Reality, 250 mt away

I'm looking for a new flat to move into. Good part of my family either laughs or wonders at the notion that, after spending almost an year refurbishing my current flat, I am looking forward starting the cycle from scratch.

I have a full list of requirements, first and foremost location. I don't want to move too far away from my neighbourhood. I like it a lot. It's close to green areas, city centre is barely 10 minutes away. Houses were build in a time where building regulations were not planned with Hobbits in mind, so none of my friends can reach the ceiling if they stretch their arms.
Above all, I love the feeling of belonging in this small "village".
Yeah, we got the Chinese hairdresser, the Egyptian kebab, the Romanian grocery store, but it still feels like a village.
There are two places in 300 meter span you can play boules, people will chat with you in the shops, in the supermarket, at the bus stop. I don't know that many people, yet I feel I know them all. I "know" the people I'll meet in my daily routine, the women at the supermarket cashier, the owner of the kids bookshop downstairs, the girl of the tattoo parlour across the street. I think it's a good life the one I'm building in this small area of my hometown: a life that moves on, alongside the lives on many other fellow humans. People get married, people split up, somebody has a baby, somebody else passes away. Life being life, essentially.

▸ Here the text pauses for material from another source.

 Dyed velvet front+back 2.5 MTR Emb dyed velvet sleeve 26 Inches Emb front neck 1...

I'm on holiday right now. Trying, as much as possible, to unplug from reality, this morning I felt I was in a good spot, slowly buy surely reaching my goal. First time I checked the mobile in the whole day I'm way into the afternoon, that moment it's too late for coffee and too early for spritz.
There's a message from mum. Unconnected news from home, weather report and then a news.
"There was a femicide in the street you live."
And reality crashed back in.
I don't know anything about this woman. I know that she was beaten to death by her husband and that her husband enjoyed playing chess. I know her name and age, but I don't know what she looked like
Did I ever bumped into her on the queue at the pharmacy, at the supermarket or the post office? Did I cross her path on my way back from my morning run or my walk routine to my parents' place?

I know that she lived barely 250 mt away from me, but I don't know whether she felt safe as I do in my small village within a big city.

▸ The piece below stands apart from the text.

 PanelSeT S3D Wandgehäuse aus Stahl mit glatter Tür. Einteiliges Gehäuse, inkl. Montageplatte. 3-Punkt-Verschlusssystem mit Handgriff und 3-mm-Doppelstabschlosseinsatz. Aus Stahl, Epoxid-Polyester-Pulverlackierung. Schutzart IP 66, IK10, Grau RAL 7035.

I know that she will become a number in our general statistics on women killings, I can foresee the comments and opinion about her and her murderer, but I don't know how the life of her family will be from now on.
I know it's such a common occurrence nowadays that the news will be reported blandly and people will move on.
Sometimes I wish I could forget what I know, because it'd be so much easier. It's hard to avoid uttter dismay and despair towards the current situation in Italy and towards mankind, it'd be simpler to give into resignation. But 250 mt away from me lived a woman that I didn't know: I just know she deserved much more than what she got in the end, and I know nobody should never ever forget it.